# Fuente Alimentación Simetrica 30v 5A. Problemas



## Soto_dk (Ago 3, 2009)

Hola Compañeros

Ante todo os ruego que, pese a haber buscado , si existe algún mensaje igual o de algo similar, borreis y me indiqueis.

Hace unos dias intenté construir una fuente partiendo de este esquema.

La verdad es que no me funciona nada bien. Tuve que coregir el voltaje de los primeros condensadores.
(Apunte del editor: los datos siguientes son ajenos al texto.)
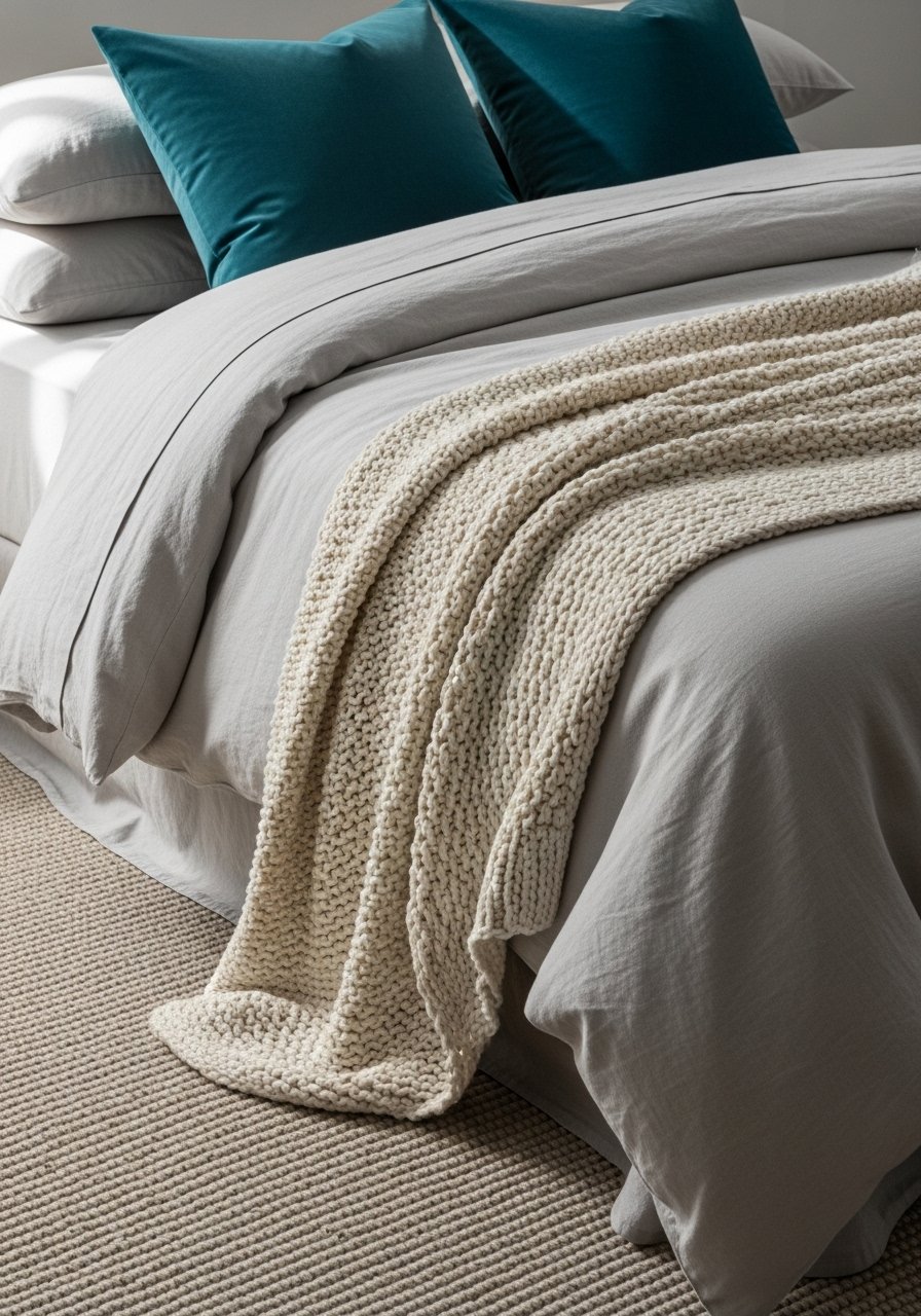 I built this look around linen bedding and natural textures. Layer a linen duvet, a chunky knit throw, and two velvet accent pillows in deep teal or terracotta. I used linen curtains to keep light soft. The single bold color ties everything together and keeps the room from feeling flat. Styling tip: use odd numbers—three cushions, one throw, one rug. Common mistake: too many competing colors. Stick to 2 neutrals + 1 accent. Brands I like: West Elm for linens, Target for budget pillow covers.

Ahora los Led's no funcionan y el 7812 me ha explotado justo al conectar el multimetro para medir la tensión negativa.
Tambien comentaros qeu la resistencia 1k5 de 1/2 w del lado positivo se pone negra poco a poco.

Mi cuestión es: ¿podéis decirme que está mal en este circuito? 

He probado de todo y buscado pero no se que pasa.Tengo la sensación de que los reguladores de voltaje no son los correctos.

Gracias de Antemano

Decá


----------



## elosciloscopio (Ago 3, 2009)

Algo tiene que estar mal.
No tiene buna pinta esa fuente.

En primer lugar, no se le pueden pedir 30V 5A, a un transformador de 20V 5A.
Y además, porqué se usan reguladores de voltaje de 12V, si se pretenden obtener 30V?

Te aconsejo que dejes esa fuente. no me gusta nada.
además , no sé siquiera si los 1N4007 aguantarán 5A


----------



## Soto_dk (Ago 3, 2009)

el asunto es que el transformador ya lo compré y los diodos si funcionan pero a partir de ahi..

de todas formas ese transformador conectado suministra 40v (56 en vacio), esto está bien.

La pena es que tengo todas las piezas, y hasta un pcb!

Gracias por todo

Decá


----------



## Soto_dk (Ago 4, 2009)

alguien podria echarme una mano, o darme una solución.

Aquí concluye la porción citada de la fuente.